So to tie this together for this project, I will set up a 400MB slice size (to mimic what I did with git-annex), and see how dar saves the data and restores it.

Isolated cataloges aren’t strictly necessary for this, but by using them (and/or dar_manager), we can build up a database of files and locations and thus directly compare dar to git-annex location tracking.

Walkthrough: Creating the first archive

As with the git-annex walkthrough, I’ll set some variables to make it easy to remember:

$SOURCEDIR is the directory being backed up
$DRIVE is the directory for backups to be stored in. Since dar can split by a specified size, I don’t need to make separate filesystems to simulate the separate drive experience as I did with git-annex.
$CATDIR will hold isolated catalogs
$DARDB points to the dar_manager database

OK, we can run the backup immediately. No special setup is needed. dar supports both short-form (single-character) parameters and long-form ones. Since the parameters probably aren’t familiar to everyone, I will use the long-form ones in these examples.

Here’s how we create our initial full backup. I’ll explain the parameters below:

$ dar \ --verbose \ --create $DRIVE/bak1 \ --on-fly-isolate $CATDIR/bak1 \ --slice 400M \ --min-digits 2 \ --pause \ --fs-root $SOURCEDIR

Let’s look at each of these parameters:

–verbose does what you expect
–create selects the operation mode (like tar -c) and gives the archive basename
–on-fly-isolate says to write an isolated catalog as well, right while making the archive. You can always create an isolated catalog later (which is fast, since it only needs to read the last bits of the last slice) but it’s more convenient to do it now, so we do. We give the base name for the isolated catalog also.
–slice 400M says to split the archive, and create slices 400MB each.
–min-digits 2 pertains to naming files. Without it, dar would create files named bak1.dar.1, bak1.dar.2, bak1.dar.10, etc. dar works fine with this, but it can be annoying in ls. This is just convenience for humans.
–pause tells dar to pause after writing each slice. This would let us swap drives, burn discs, etc. I do this for demonstration purposes only; it isn’t strictly necessary in this situation. For a more powerful option, dar also supports –execute, which can run commands after each slice.
–fs-root gives the path to actually back up.

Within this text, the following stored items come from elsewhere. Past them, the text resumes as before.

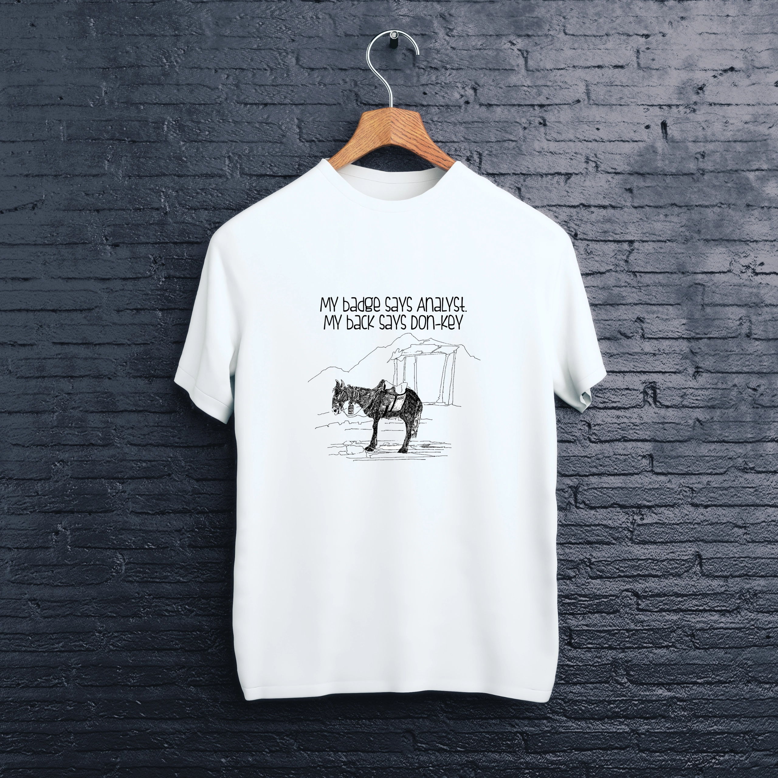When the org chart says “knowledge worker” but your lumbar says “pack animal,” this tee tells the truth with a wink. A crisp pen-and-ink donkey anchors the design—minimalist, witty, and painfully relatable to anyone who’s carried a project across the finish line while half the team was “on OOO.”
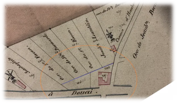 Ainsi, il s'agirait - à l'instar du bout de chemin à Faches dont je parlais précédemment - d'un tronçon de chemin qui fut neutralisé pour une certaine raison, et a fini par être englobé par les parcelles et plus ou moins effacé des cartes.
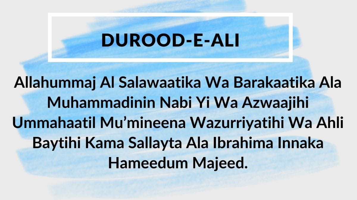 Allahumma Salli Ala Muhammadiw Wa Ala Aali Muhammadin Kamaa Sallaita Ala Ibrahima Wa Ala Aali Ibrahima Innaka Hamidum Majid. Allahumma Baarik Ala Muhammadiw Wa Ala Aali Muhammadin Kamaa Baarakta Ala Ibrahima Wa Ala Aali Ibrahima Innaka Hamidum Majid.
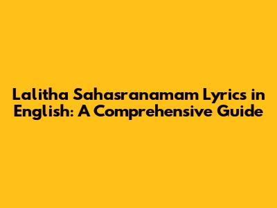 Lalitha Sahasranamam Lyrics: A Comprehensive Guide
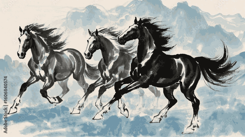 • Wild Flow Three black horses is running isolated watercolor vector illustration svg
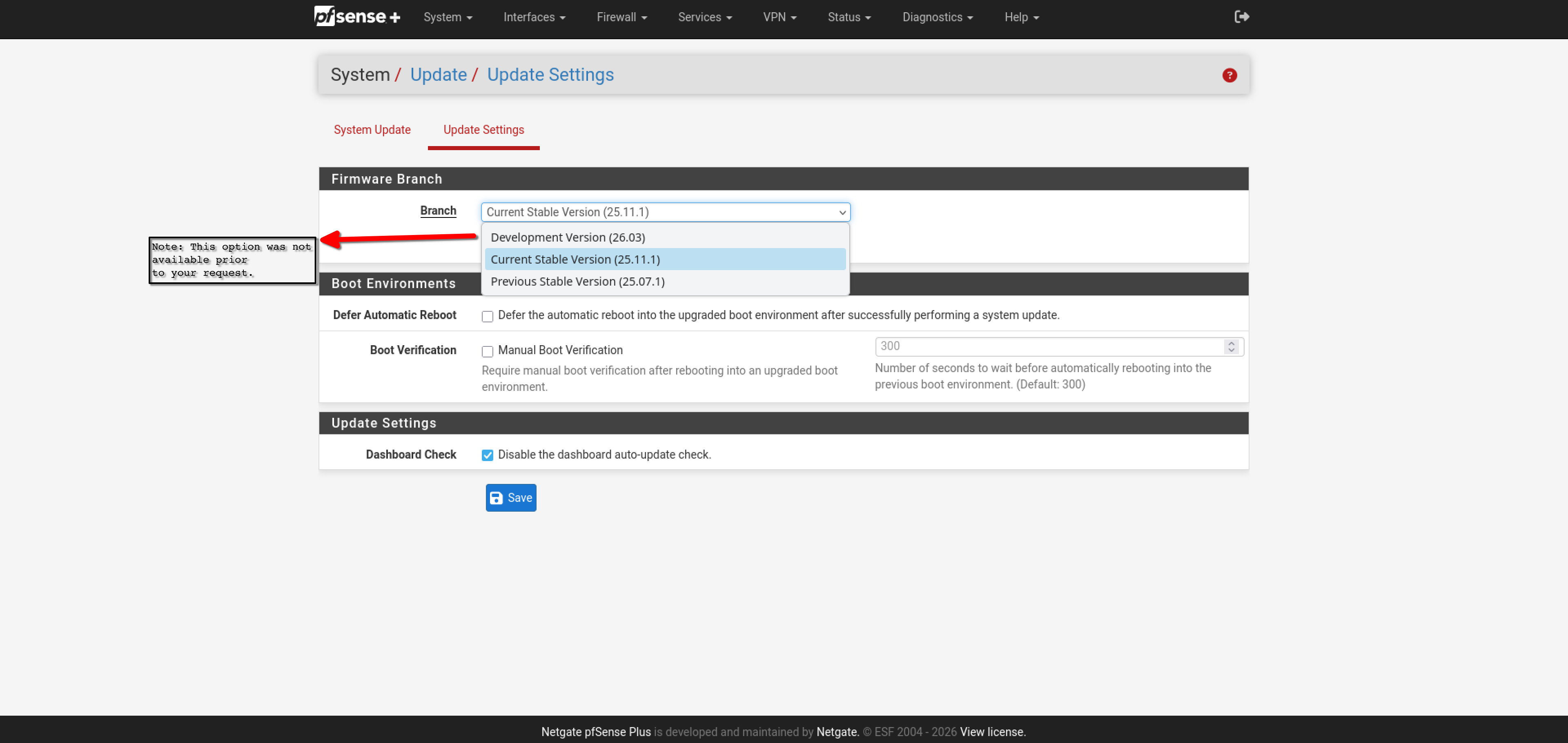 I am attaching a screenshot of the update screen settings and findings. That prior to your reply I never had the option to try and upgrade to 26.03 dev. It is there now and will try to perform this upgrade. First though I would like to know if you want me to perform it in the console with a console record like last time pfSense-upgrade -d or through the gui?
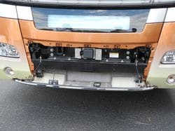 日野のPCSでは、「アイサイト」のようなカメラではなく、ミリ波レーダーを使って障害物を検出している。その 長所は電波なので霧の中や降雨・降雪時においても検出可能で、遠くまで認識できること。一方、短所は障害物が 何かわからず、人を認識できないことだ。
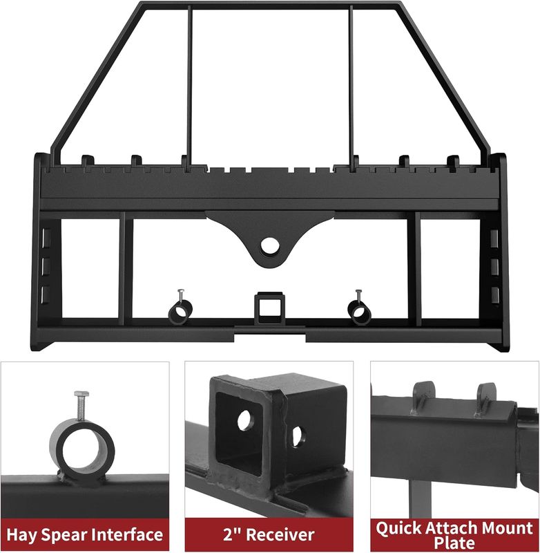 Suitable for most loaders and tractors; Compatible with Bobcat Skid Steer, New Holland and Kubota tractors; Ideal for handling most farm, warehouse and construction site work.
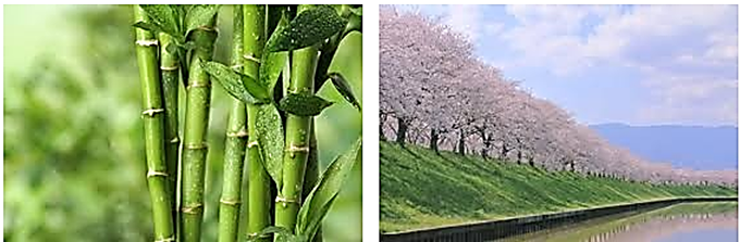 As imagens título do conto: bambus e cerejeiras em flôr
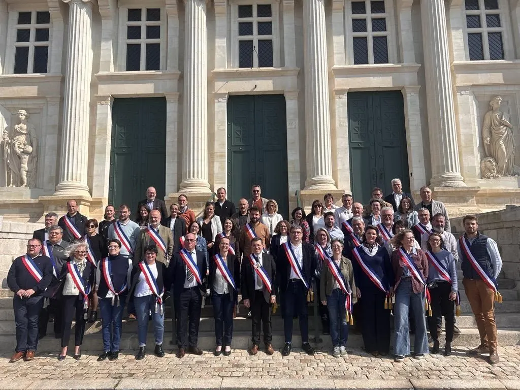 Baugé-en-Anjou, le 22 mars 2026. Le conseil municipal élu pour le mandat 2026-2032 prend la pose pour la photo de groupe devant la Maison du citoyen connecté à l’issue du conseil d’installation. © CO - Christophe Ricci
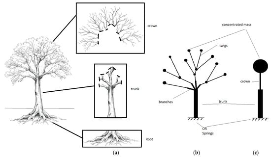 Figure 2. Finite element method (FEM) modeling approaches for tree structures, showing increasing levels of abstraction from left to right. (a) High-fidelity 3D model. (b) Simplified branch-mass model. (c) Equivalent two-element model.
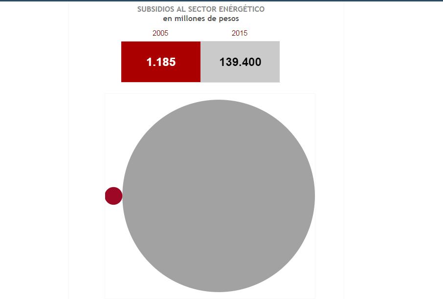 Hoy, cuando uno paga la luz, sólo abona el 15% de lo que fue el costo medio de la generación de esa electricidad que llegó a casa. ¿Con qué se cubre el 85% restante? Con subsidios, sobre todo. ¿Cuánto dinero le significó todo eso al país? De $ 1.185 millones (2005) a $139.400 millones (2015). Una forma más visual de expresarlo es así:
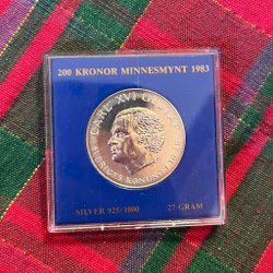 Minnesmynt från 1983 med ett värde av 100 kronor. Tillverkad av 925/1000 silver. Vikt 16 gram.
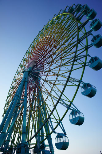 夕暮れ空の観覧車 止まっているけれど空に上って行きそう
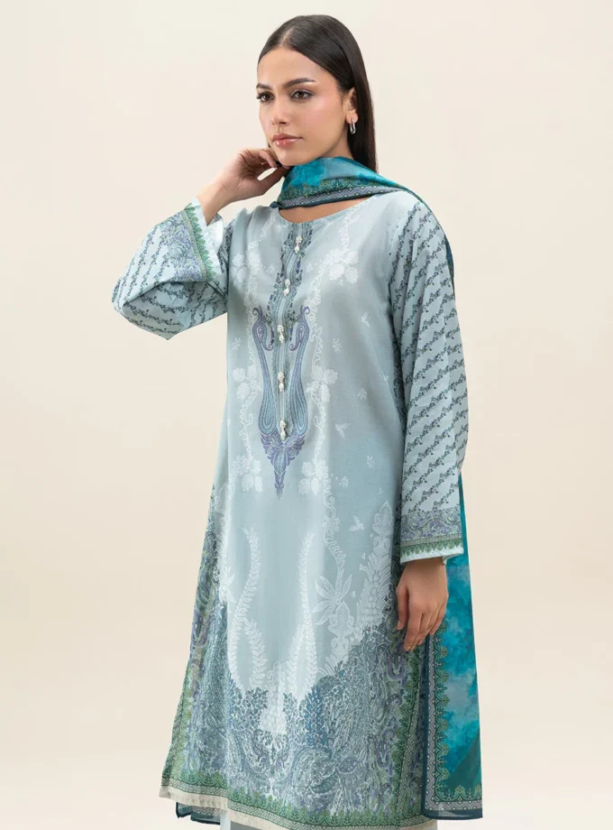 Unstitched 3Pc Embroidered Lawn Dress Pistachio Haze by BeechTree
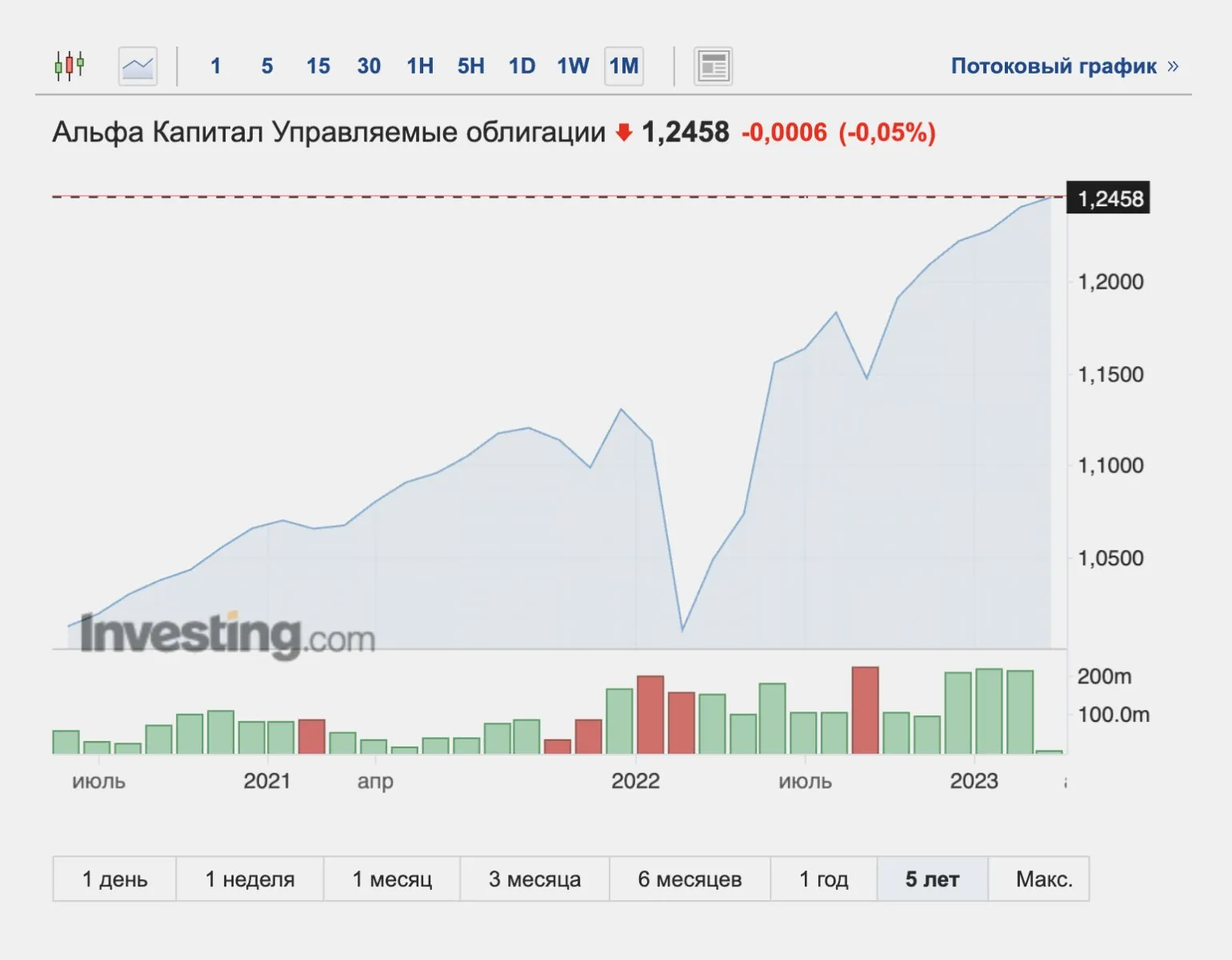 Например, БПИФ «Альфа-Капитал Управляемые Облигации» с июня 2020 года по февраль 2023 вырос на 22,76%. Те, кто вложил в него тогда 300 000 рублей, могут продать паи сейчас и получить прибыль в 68 280 рублей.
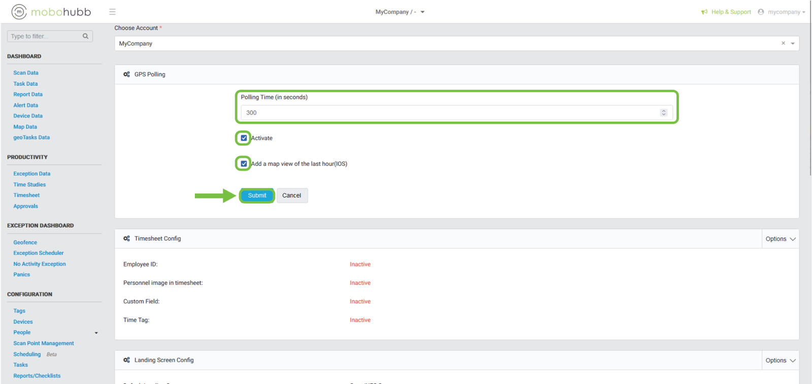 We can also “Activate” or “Deactivate” the GPS Polling option by clicking on the Checkbox.
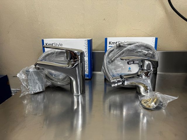 Rubinetto lavabo + rubinetto bidet in acciaio
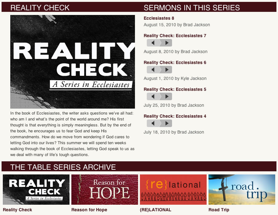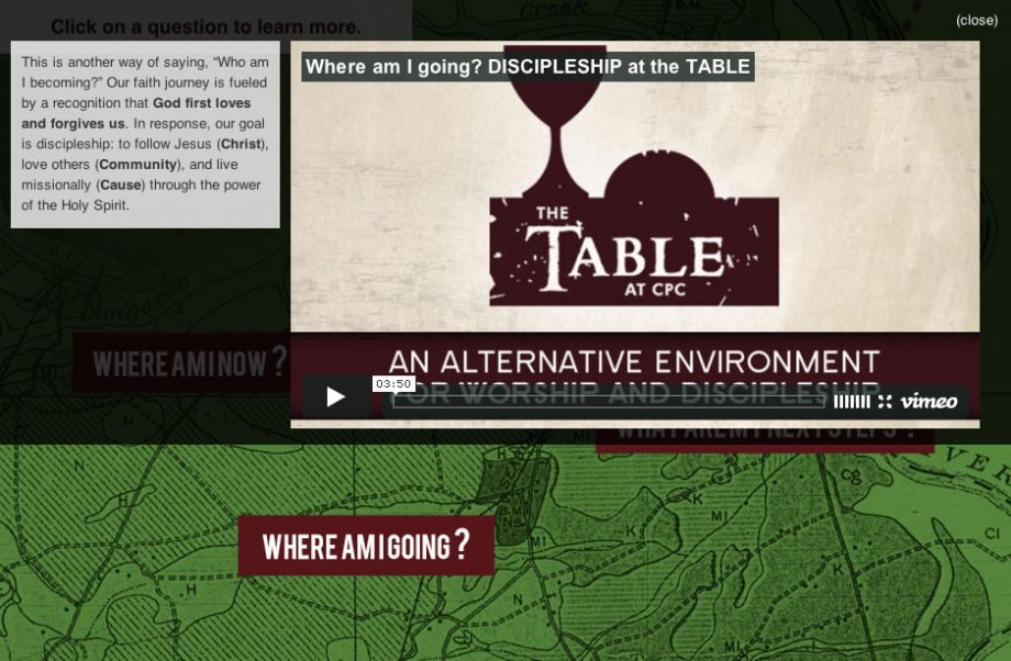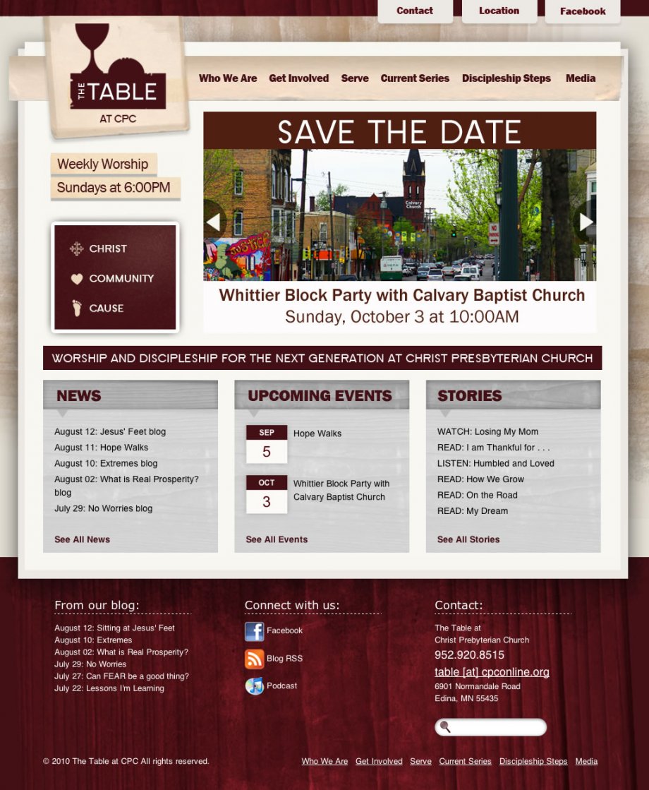 Working with the staff of Chirst Presbyterian Church (CPC), Mipaca Interactive developed a Drupal based site for their Sunday night service The Table at CPC. The site has many features including audio and video players, RSS feeds for a Blog and Podcast and a customized discipleship map that makes great use of jQuery.

This same command could have been written with short options as:

$ dar -v -c $DRIVE/bak1 -@ $CATDIR/bak1 -s 400M -9 2 -p -R $SOURCEDIR

What does it look like while running? Here’s an excerpt:

... Adding file to archive: /acrypt/no-backup/jgoerzen/testdata/[redacted] Finished writing to file 1, ready to continue ? [return = YES | Esc = NO] ... Writing down archive contents... Closing the escape layer... Writing down the first archive terminator... Writing down archive trailer... Writing down the second archive terminator... Closing archive low layer... Archive is closed.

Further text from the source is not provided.